WHAT YOU NEED TO DO:
Restate word for word the lines below that run from the one holding "रिक्त पदमा स्थायि" through the one holding "Boys Cartoon Funny", inclusive. Pictures don't belong in the copy.

DATA EXTRACTS:
◇ ◇ ◇ ◇
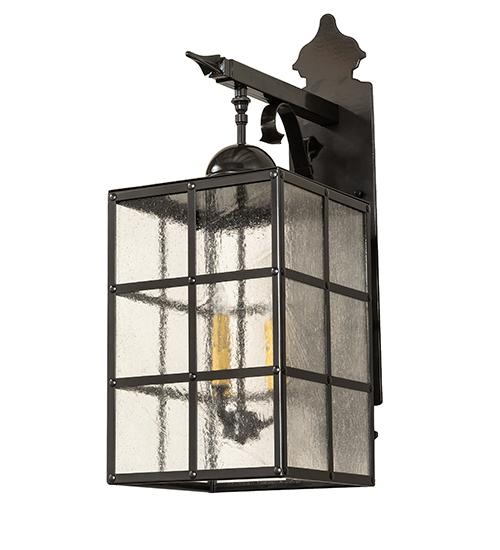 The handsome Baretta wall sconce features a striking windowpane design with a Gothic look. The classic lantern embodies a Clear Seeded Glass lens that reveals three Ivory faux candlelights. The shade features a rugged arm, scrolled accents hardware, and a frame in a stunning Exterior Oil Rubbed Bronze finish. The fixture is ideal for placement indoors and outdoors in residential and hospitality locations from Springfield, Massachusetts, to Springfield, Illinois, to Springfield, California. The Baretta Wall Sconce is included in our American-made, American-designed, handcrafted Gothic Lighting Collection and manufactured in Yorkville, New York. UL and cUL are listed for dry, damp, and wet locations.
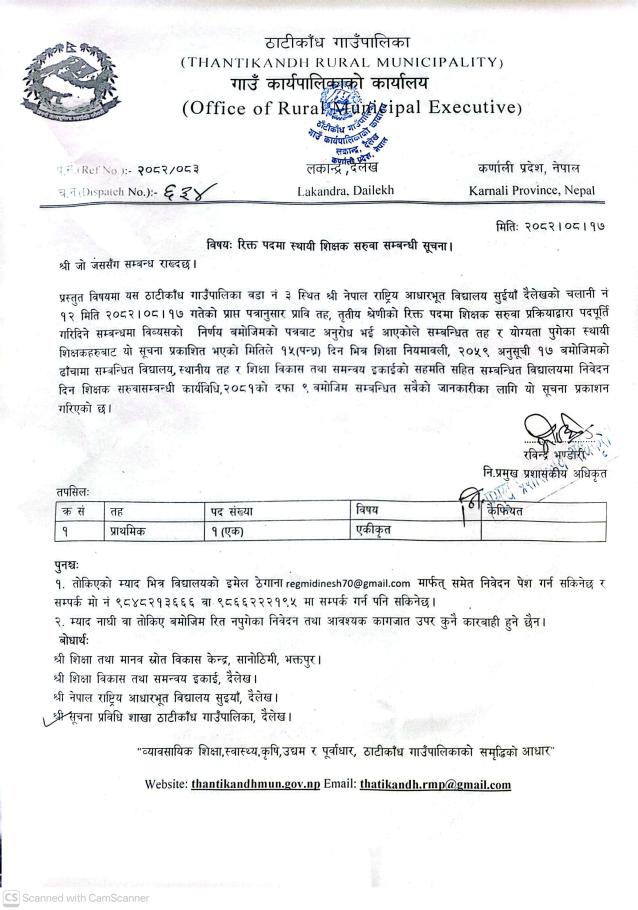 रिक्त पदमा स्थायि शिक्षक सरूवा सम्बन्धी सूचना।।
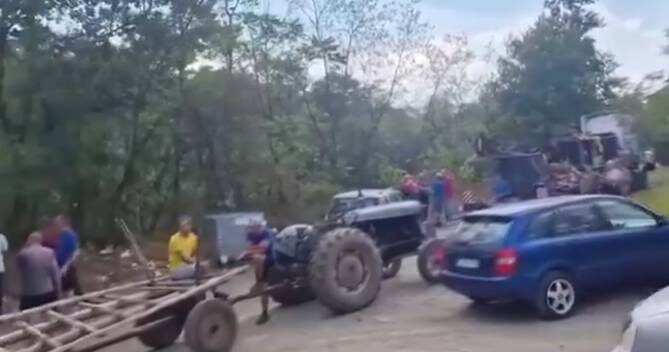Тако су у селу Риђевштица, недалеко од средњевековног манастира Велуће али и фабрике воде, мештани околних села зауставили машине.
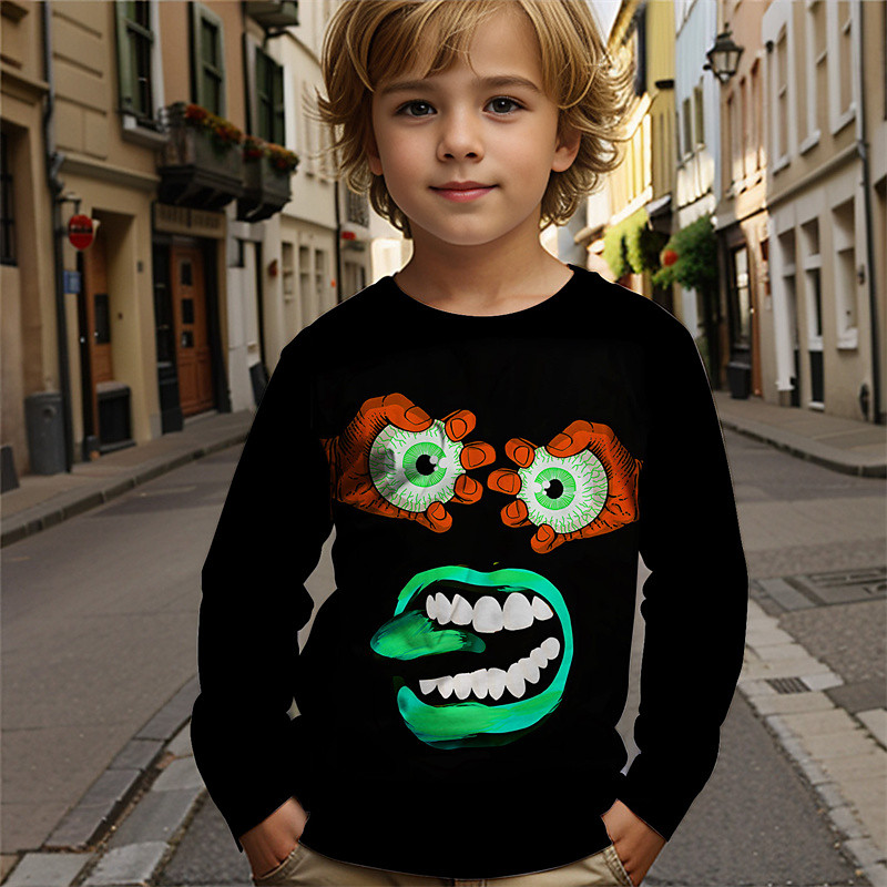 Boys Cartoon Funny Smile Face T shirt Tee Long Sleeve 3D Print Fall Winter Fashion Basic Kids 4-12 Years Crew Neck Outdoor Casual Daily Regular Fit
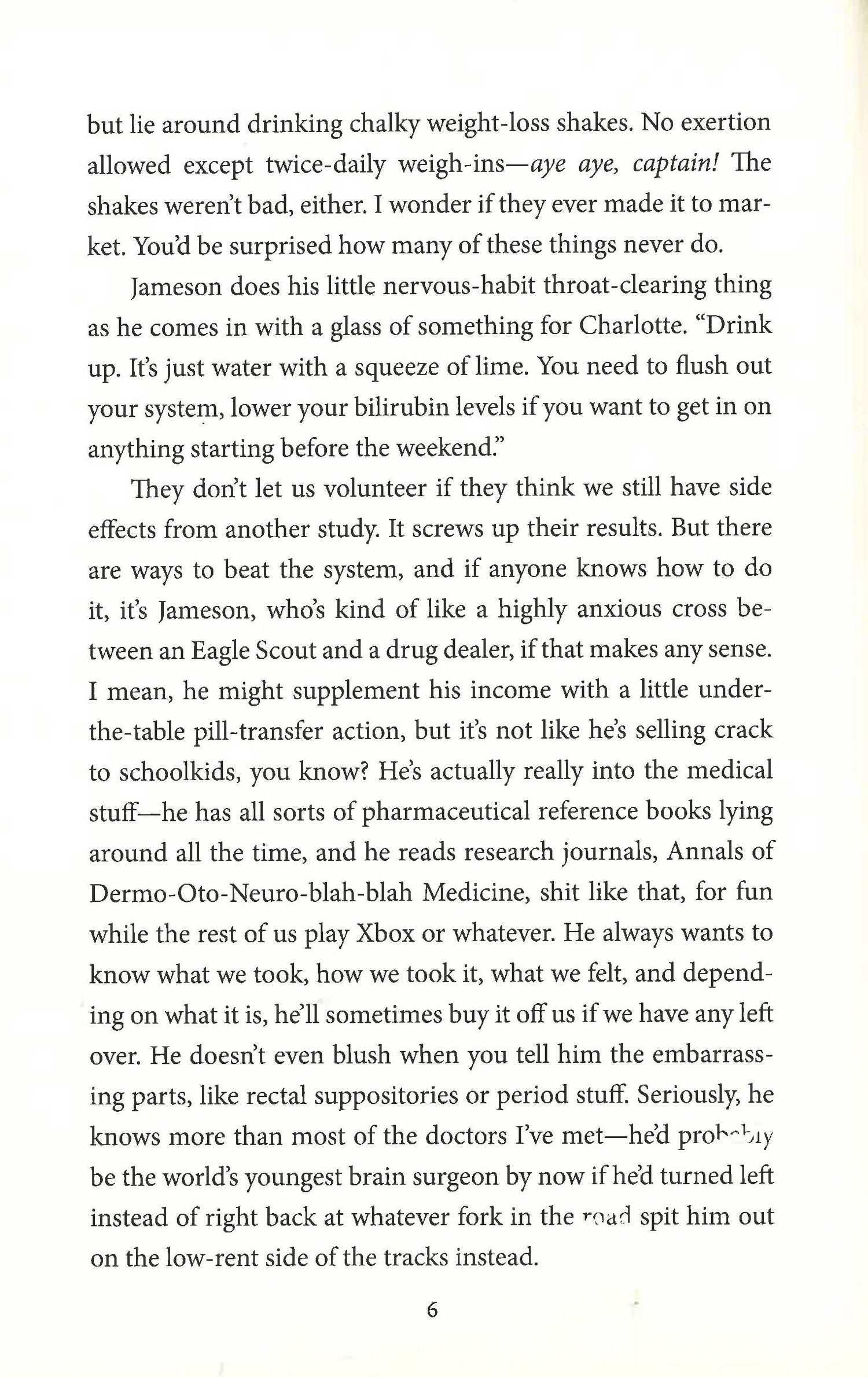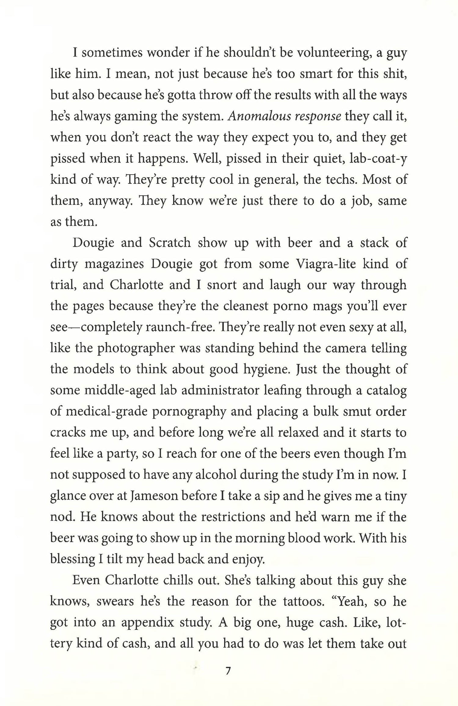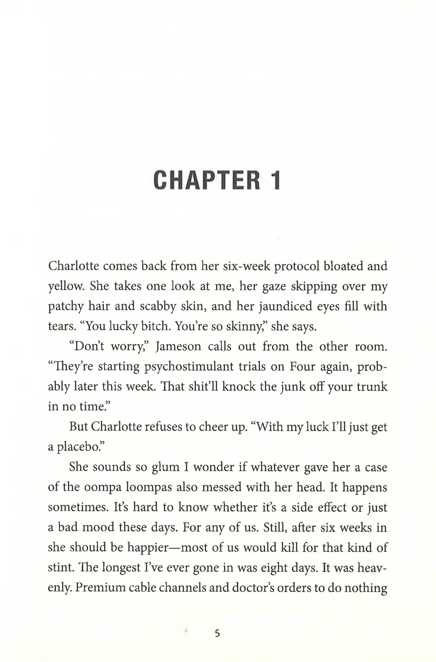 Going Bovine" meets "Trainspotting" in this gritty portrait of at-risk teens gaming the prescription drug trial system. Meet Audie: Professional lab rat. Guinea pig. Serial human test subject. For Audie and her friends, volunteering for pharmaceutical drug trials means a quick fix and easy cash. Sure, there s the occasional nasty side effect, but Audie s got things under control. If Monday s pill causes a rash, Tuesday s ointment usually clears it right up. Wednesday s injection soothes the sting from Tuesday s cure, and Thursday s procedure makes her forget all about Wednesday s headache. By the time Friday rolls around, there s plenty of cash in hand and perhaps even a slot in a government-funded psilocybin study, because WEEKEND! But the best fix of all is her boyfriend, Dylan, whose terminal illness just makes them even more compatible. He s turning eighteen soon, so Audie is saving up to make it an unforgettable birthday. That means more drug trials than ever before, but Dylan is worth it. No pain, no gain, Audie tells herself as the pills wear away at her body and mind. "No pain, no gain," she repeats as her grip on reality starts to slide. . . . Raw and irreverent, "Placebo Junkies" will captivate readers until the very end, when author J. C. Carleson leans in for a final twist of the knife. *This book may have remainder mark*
◇ ◇ ◇ ◇
WRITTEN SOLUTION:
 रिक्त पदमा स्थायि शिक्षक सरूवा सम्बन्धी सूचना।।
Тако су у селу Риђевштица, недалеко од средњевековног манастира Велуће али и фабрике воде, мештани околних села зауставили машине.
 Boys Cartoon Funny Smile Face T shirt Tee Long Sleeve 3D Print Fall Winter Fashion Basic Kids 4-12 Years Crew Neck Outdoor Casual Daily Regular Fit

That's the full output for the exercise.